If symptoms of physical or chemical problems with the column occur regularly before 500–1000 injections have been performed, you may be able to extend column life by improving the sample cleanup or adding column protection to the system.Because sample cleanup is more involved, I recommend starting with column protection. Every system should be operated with an in-line filter immediately downstream from the autosampler. For 3- or 5-µm columns, this filter contains a 0.5-µm porosity frit. This will trap particulate matter that would otherwise get caught on the 2.0- or 0.5-µm frit at the head of the column. When the pressure begins to rise, replace the frit. The frit in the in-line filter can be changed in a few minutes and is very inexpensive, especially when compared to the cost of the column. The use of a guard column is another option to help extend column life. The frit at the head of the guard column will trap debris that would otherwise block the column inlet frit, but even this can be avoided if you use the in-line filter in addition to the guard column. Guard columns have been shown to extend the life of the analytical column, but they may cost 20% of the cost of the analytical column, so the economics of guard column use may be marginal. If you use a guard column, you'll have to figure out when to replace the guard column. You should replace the guard column before it adversely affects the overall separation. As with the parameters of Figure 1, track the system performance when a guard column is in place. When system suitability begins to trend toward the limits, change the guard column and see if it fixes the problem. Most workers find that it is more convenient to replace the guard column on a scheduled basis — either after a certain number of injections or sample batches — or perhaps on a calendar basis. Additional sample preparation almost always will extend column life, but sample preparation is expensive and may not be appropriate for all sample types.

Better Luck Next Time

At some point, the simple restorative measures of flushing or backflushing the column will not be successful. As mentioned above, these measures restore column performance only a third of the time. This means that two-thirds of the time they fail. What next? Some people like to flush with even stronger solvents, such as methylene chloride, to remove fats and waxes (be sure to flush the column before and afterwards with methanol or acetonitrile to ensure solvent miscibility). Other flushing strategies use acid, base, or chaotropic agents to remove strongly retained material from the column. If you try any of these procedures, you should backflush the column so the strongly retained material that usually is located on the first few millimeters of the column can be washed directly to waste rather than farther into the column. However, I feel that heroic measures such as these are false economy. They rarely restore column function completely, and they are expensive and time-consuming.

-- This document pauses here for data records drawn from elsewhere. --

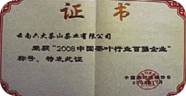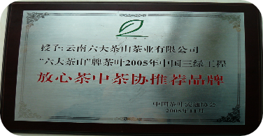 11月28日,云南六大茶山茶业有限公司被中国茶叶流通协会授予“放心茶中茶协推荐品牌”。
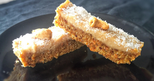 NOTA: dato l’alto contenuto di zuccheri naturali (presenti nei datteri e nello sciroppo di yacon) è sconsigliato il consumo di questo dolce in periodo di Restart anche se stai seguendo lo schema per vegetariani o vegani.
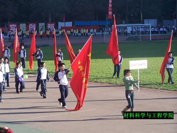 入场式上我院打出了“发扬奥运精神,展我材院风采“的标语表达志愿奥运的信心
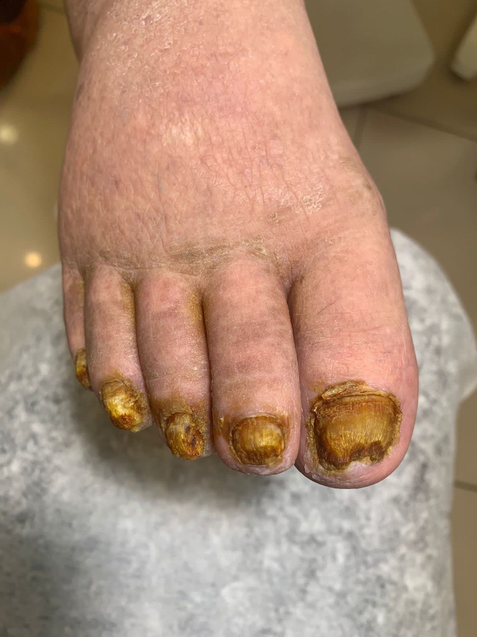 медицинский педикюр 3 степени. Произведена зачистка и назначены препараты для домашнего использования, согласно рекомендациям дерматолога
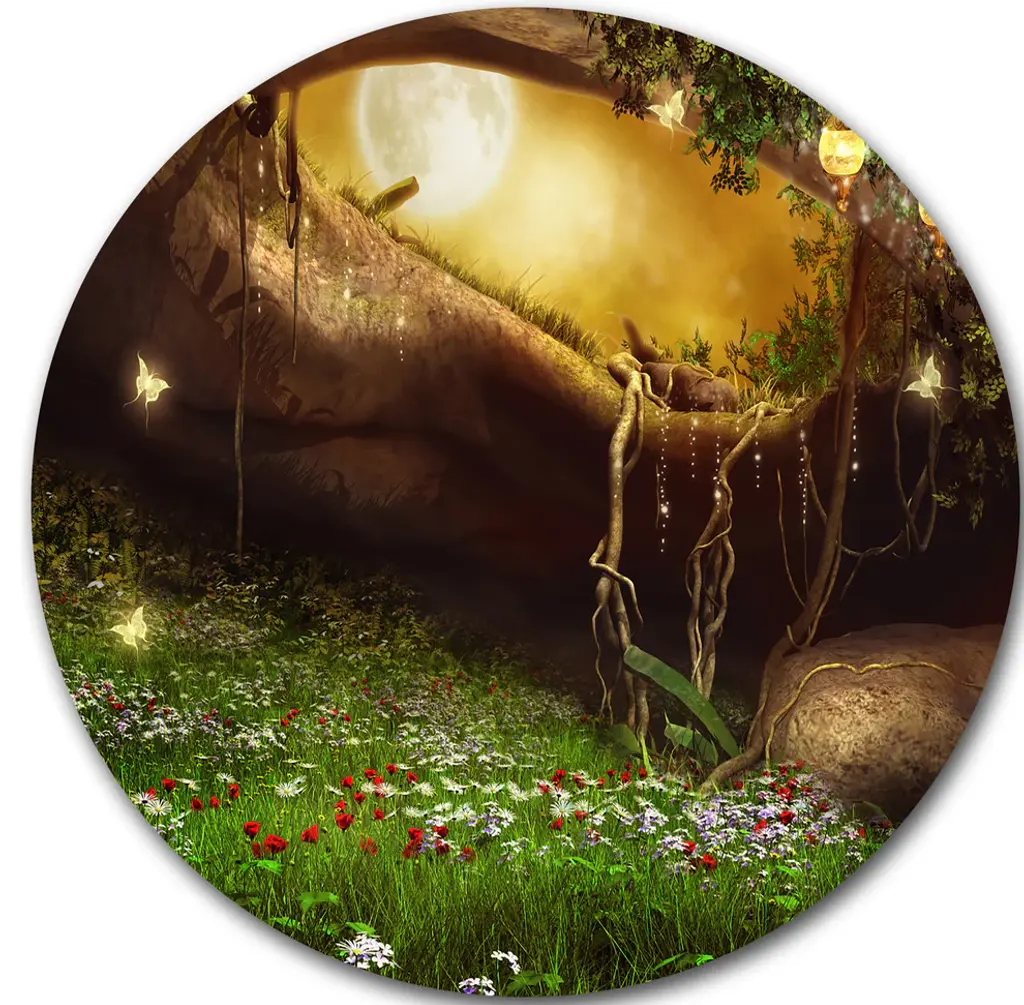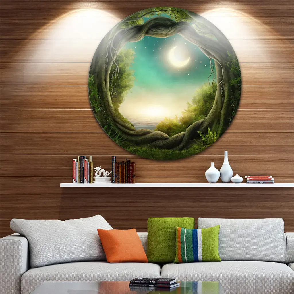 Bring Contemporary Abstraction to your home with this large Circle Metal wall art. This Enchanted Dark Forest Metal Artwork makes it the focal point of any room or office. - White Gloss Coating ensures colors are extra vibrant with light reflection.- Aluminum grade Sheet Metal with 1 inch mounting frame on the back giving the illusion that the artwork is floating on the wall..- Mounting Brackets are included along with instructions.- High Quality Digital images are created directly into a glossy aluminum panel producing a stunning and captivating print into the glossy finish of the metal.- Water, Fire and Scratch resistant HD Aluminum panels.- Looks better than any photo paper and guaranteed to last at least 20 years- Easy to clean with a microfiber cloth. Colors are far superior to regular Canvas Art. - Easy to Hang
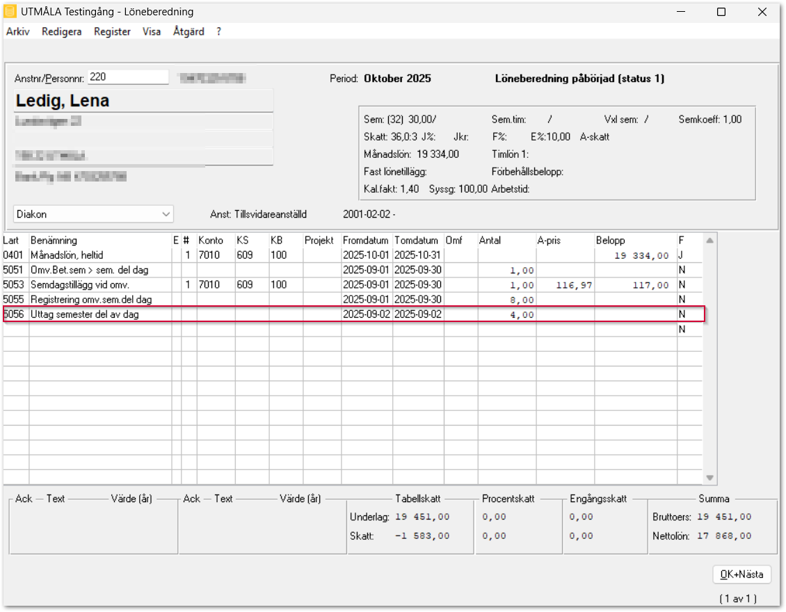 - De kvarvarande timmarna ligger kvar tills du använder de nästa gång och tas då ut med löneart 5056. När du klickar på OK nästa visas personens semestersaldon, vilket möjliggör kontroll av att timmarna registrerade korrekt.
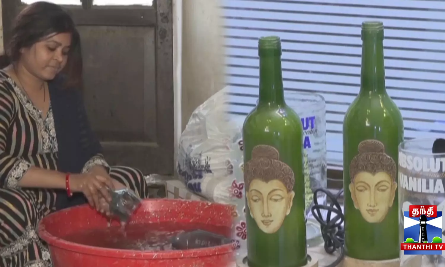 வீதிகள்ல கிடக்குற பாட்டில்கள சேகரிச்சு...நல்லா சுத்தப்படுத்தி...அதோட பிராண்ட், அப்றம் கலரின் அடிப்படைல வரிசைப்படுத்தி...வெட்டி...மெருகூட்டி...நேர்த்தியான ஜாடிகள், விளக்குகளா மாத்தப்படுது
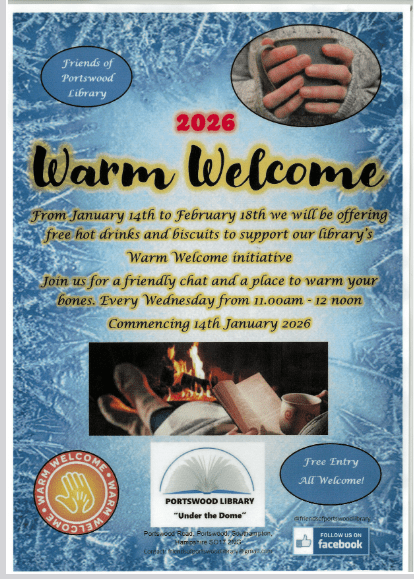 News » ‘Warm Welcome’ at Portswood Library – from January 14th to February 18th, every Wednesday 11am to 12noon – at Portswood Library
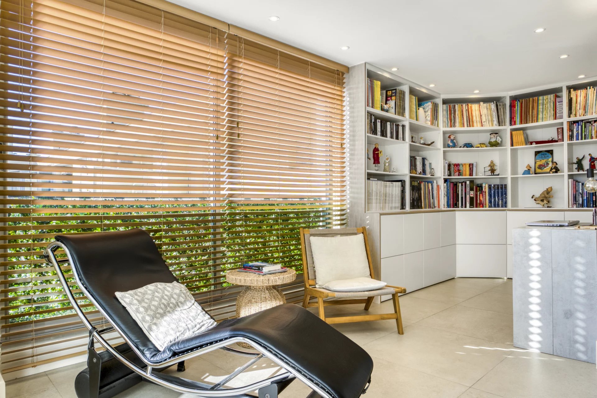 The apartment is in perfect condition and comprises two bedrooms, a living room with a modern open-plan kitchen, a reading area with a library that can easily be converted into a dining room for convivial meals.
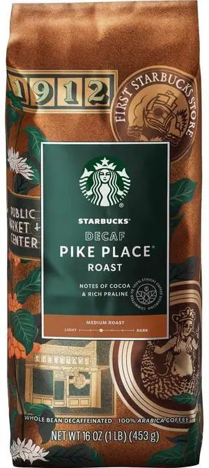 Whole Bean Coffee Decaffeinated Pike Place 1 lb Bag 12540222
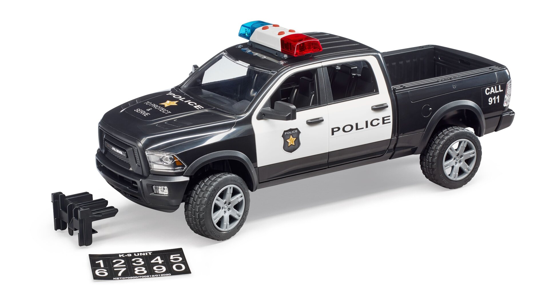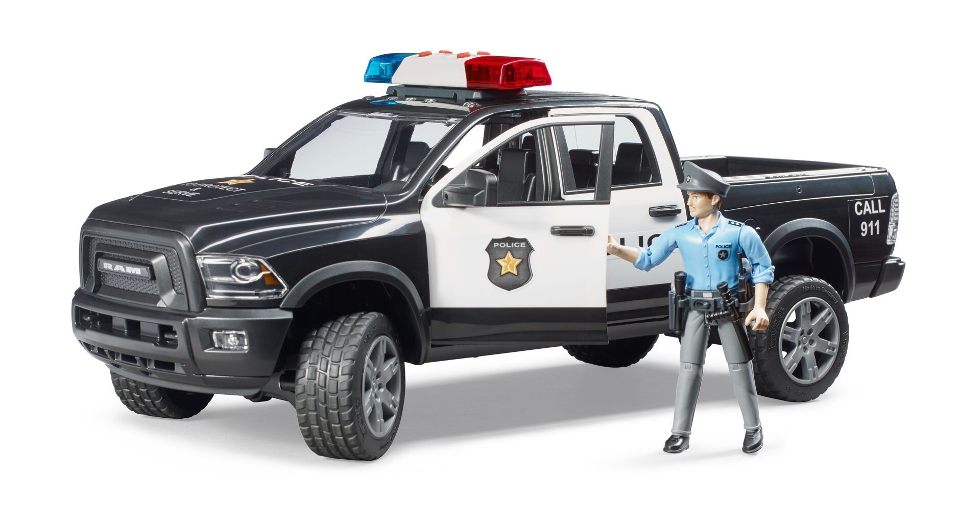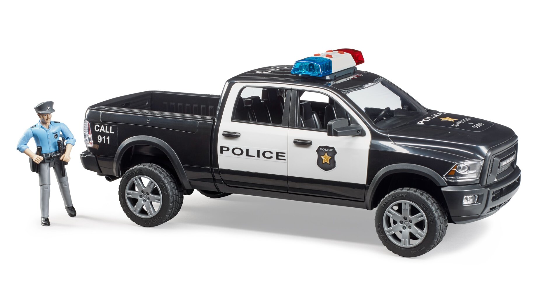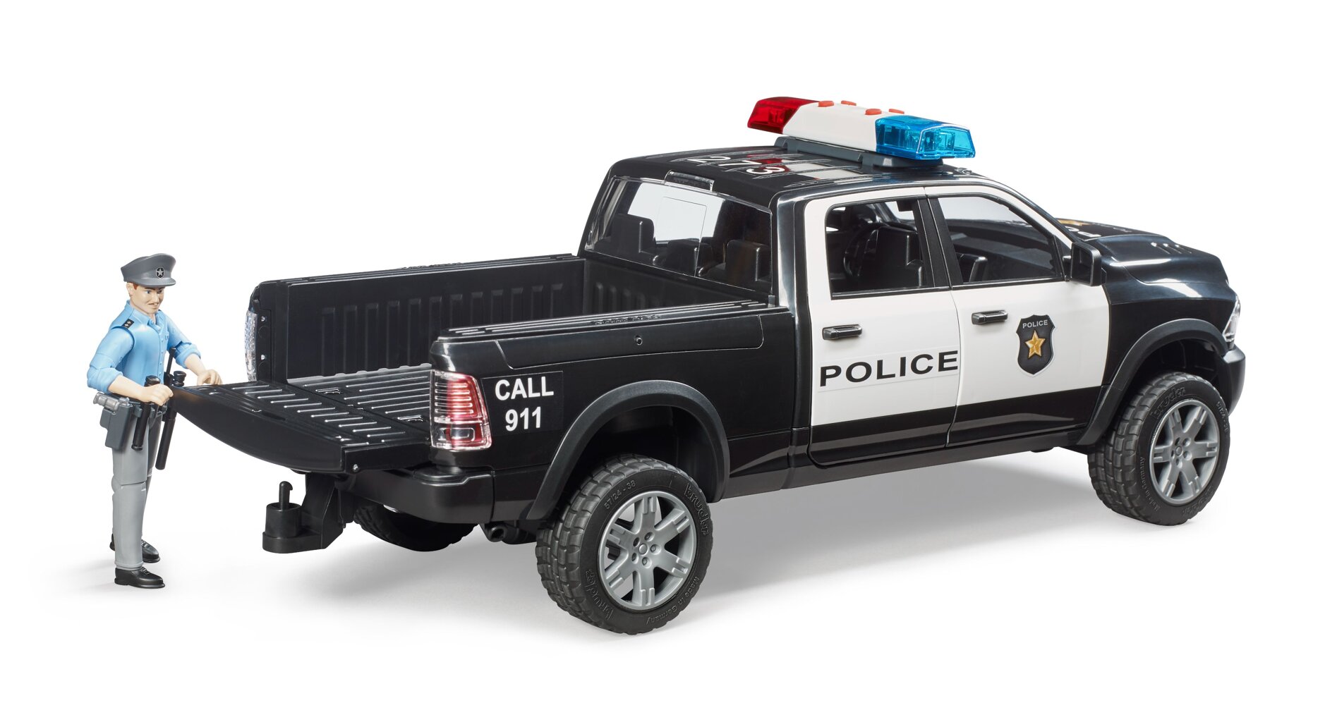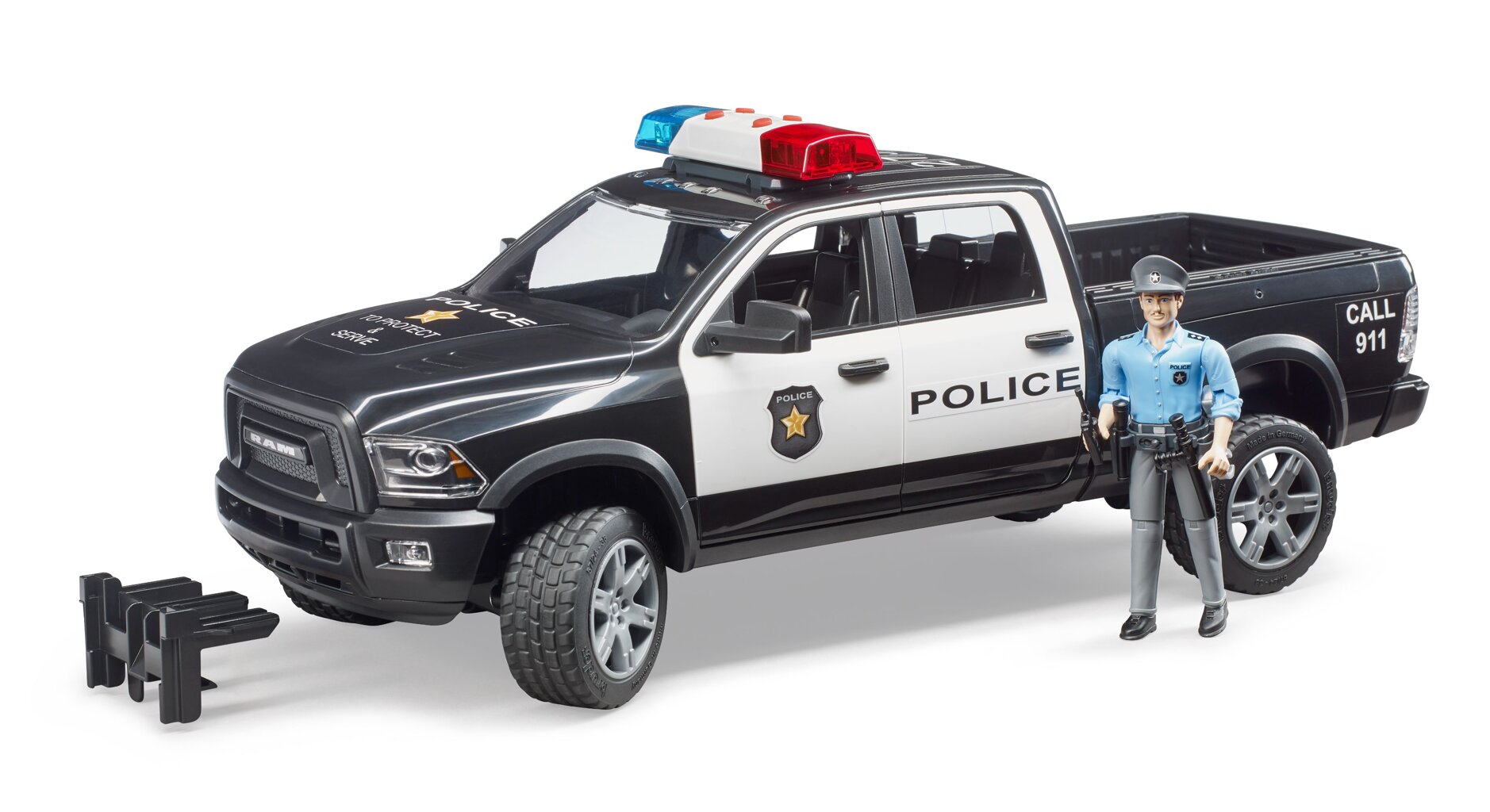 Het hulpverleningsvoertuig is gebaseerd op de auto RAM 2500. Het voertuig is uitgevoerd in politiekleuren en voorzien van een licht- en geluidsmodule. De cabine heeft alle 4 de deuren die open kunnen en biedt plaats aan 4 BWORLD-figuren. De voor- en achteras zijn geveerd en de vooras kan worden bestuurd door middel van een verlengd stuurwiel. Bij de politieauto is ook een politieagentfiguur inbegrepen.

The column should be considered a consumable item, even though the price tag may make us think that it is a capital expense. Consider the cost of the column in relation to the overall cost of analysis. The overall cost of analyzing a sample using UV detection often is in the range of $50/sample. Columns cost ≈$500 each. If the method conditions result in a relatively short column lifetime of 500 injections, that translates into $1/sample for the column, only 2% ($1/$50) of the cost of analysis. If you get >1000 samples through a column, the column is a trivial part of the overall cost of analysis. Any work to extend the column life beyond this may cost more than the additional benefit, because time is an expense. Even backflushing may not be worthwhile. You are better off using an in-line filter to catch unwanted particles from blocking the column and leave it at that. I have a friend that replaces the column with each 96-sample batch — the ≈$5/sample cost of the column is less than the cost of additional sample pretreatment that would extend the column life. It's all about economics. All columns will die eventually.

Summary

The column always tries to tell us how it is doing. Listen to the system suitability results and see if you can find trends that can be used to your advantage. Perhaps you can only anticipate the column failure by a day or two, but you may be able to use the information to put together a preventive maintenance strategy that includes a regular flush with a strong solvent and the use of a guard column to help keep the column in service for months on end. As a minimum, I recommend using an in-line filter on every system and flushing the column with the strong solvent of the mobile phase at the end of each batch of samples. Control charts can be a powerful tool to help anticipate when problems will occur in the future. Above all, remember that the column is a consumable item that may not be worth trying to save after 500–1000 samples have been analyzed.

John W. Dolan "LC Troubleshooting" Editor John Dolan has been writing "LC Troubleshooting" for LCGC for more than 25 years. One of the industry's most respected professionals, John is currently the Vice President of and a principal instructor for LC Resources, Walnut Creek, California. He is also a member of LCGC's editorial advisory board. Direct correspondence about this column via e-mail to John.Dolan@LCResources.com.

John W. Dolan

References

(1) D.J. Wheeler, Understanding Variation. The Key to Managing Chaos (SPC Press, Inc., Knoxville, Tennessee, 1993).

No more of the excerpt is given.